KZTK
- Arthur, North Dakota; United States;
- Broadcast area: Casselton/Fargo–Moorhead
- Frequency: 103.9 MHz
- Branding: 103.9 The Truck

Programming
- Format: Commercial; Country

Ownership
- Owner: James A. Babbitt III; (Vision Media Incorporated);

History
- First air date: 1992 (as KCQV at 96.7)
- Former call signs: KCQV (1992–1998) KOCL (1998–1999) KVMI (1999–2014)
- Former frequencies: 96.7 MHz (1992–2003)

Technical information
- Licensing authority: FCC
- Facility ID: 41898
- Class: C3
- ERP: 25,000 watts
- HAAT: 100 meters

Links
- Public license information: Public file; LMS;
- Webcast: Listen Live
- Website: 1039thetruck.com

= KZTK =

KZTK, known as 103.9 The Truck, is a radio station serving Cass County, North Dakota that airs a country music format. They are licensed to Arthur, North Dakota with studios in Casselton, North Dakota broadcasting to the Fargo–Moorhead Arbitron market (#290).

==History==
The station originally signed on 96.7 FM in 1992 as KCQV with an oldies format as "Kool 96.7". Kool 96.7 later changed its format. In 2003, the then-KVMI moved from its 5 kilowatt 96.7 signal to a new 25 kilowatt 103.9 frequency at a new transmitter site.
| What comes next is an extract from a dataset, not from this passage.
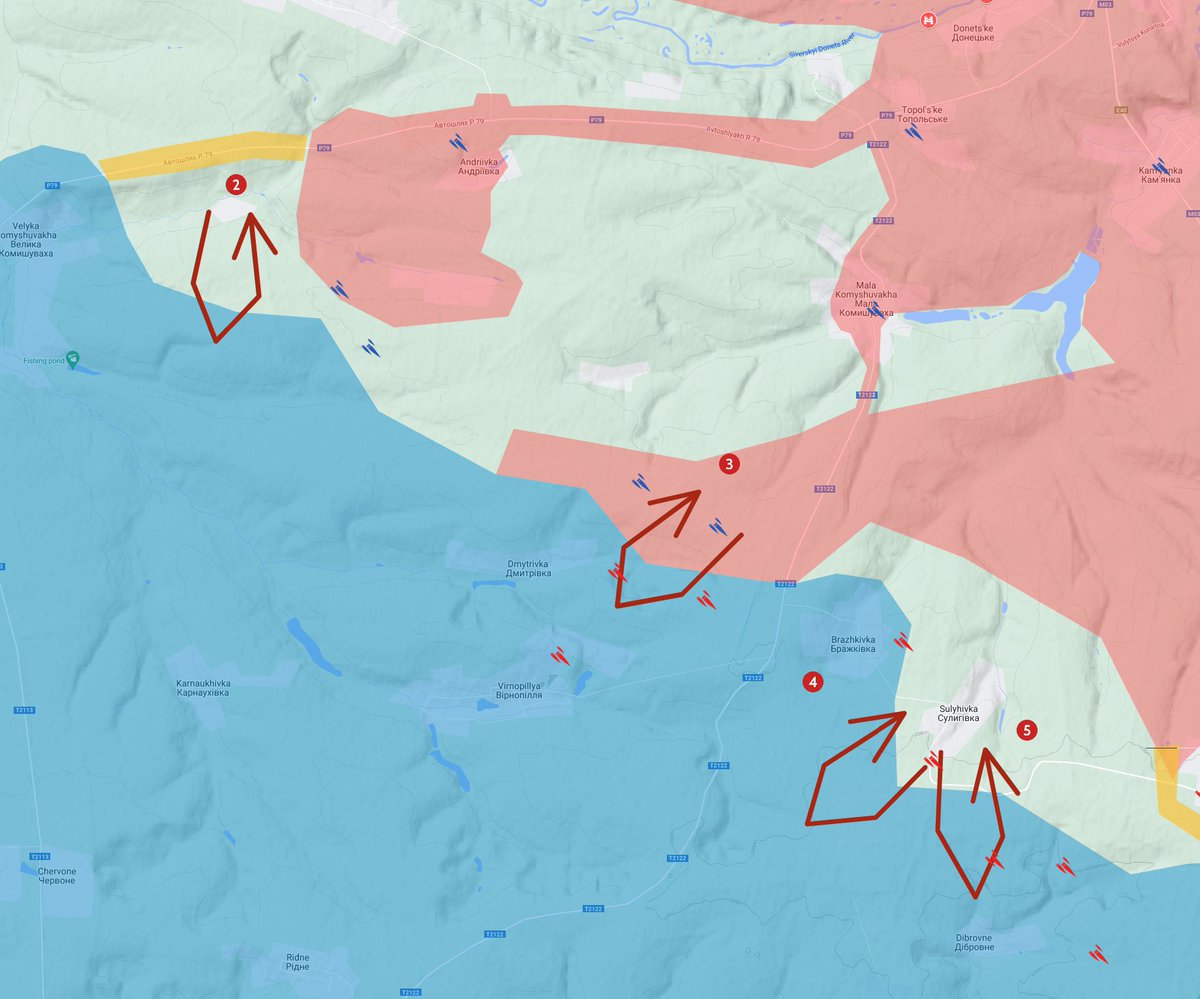 Russia is attacking in the direction of Kurdyumivka through Dacha (4) and attacking Mayorsk to the west (5). Mayorsk is a fortified train station.

The move to 103.9 also encountered a format change back to oldies as "Kool 103.9". KVMI changed its format to adult contemporary as "Star 103.9" in 2004. The station has since changed to 103.9 "The Truck" and is a hot country format & features The Ben & Jim Show airing 7 AM to 9 AM Weekdays. The station changed its call sign to the current KZTK on March 13, 2014.

==Programming==
KVMI changed to a country music brand posing as "103.9 The Truck" in January 2006, along with relocating the studios from Fargo, North Dakota to Casselton, North Dakota. The Truck also broadcasts to rural Cass County and has updates and programming from the Red River Farm Network, where they super serve agriculture communities in rural Cass County. KZTK are the call letters, known as 103.9 The Truck, yet KVMI Radio LLC is the business name and is owned by Vision Media Inc. Vision Media Inc. has as-sole owner since 1999, James A. Babbitt III. The Hot Country Programming is delivered via satellite by Westwood One/Dial Global in Colorado Springs, Colorado.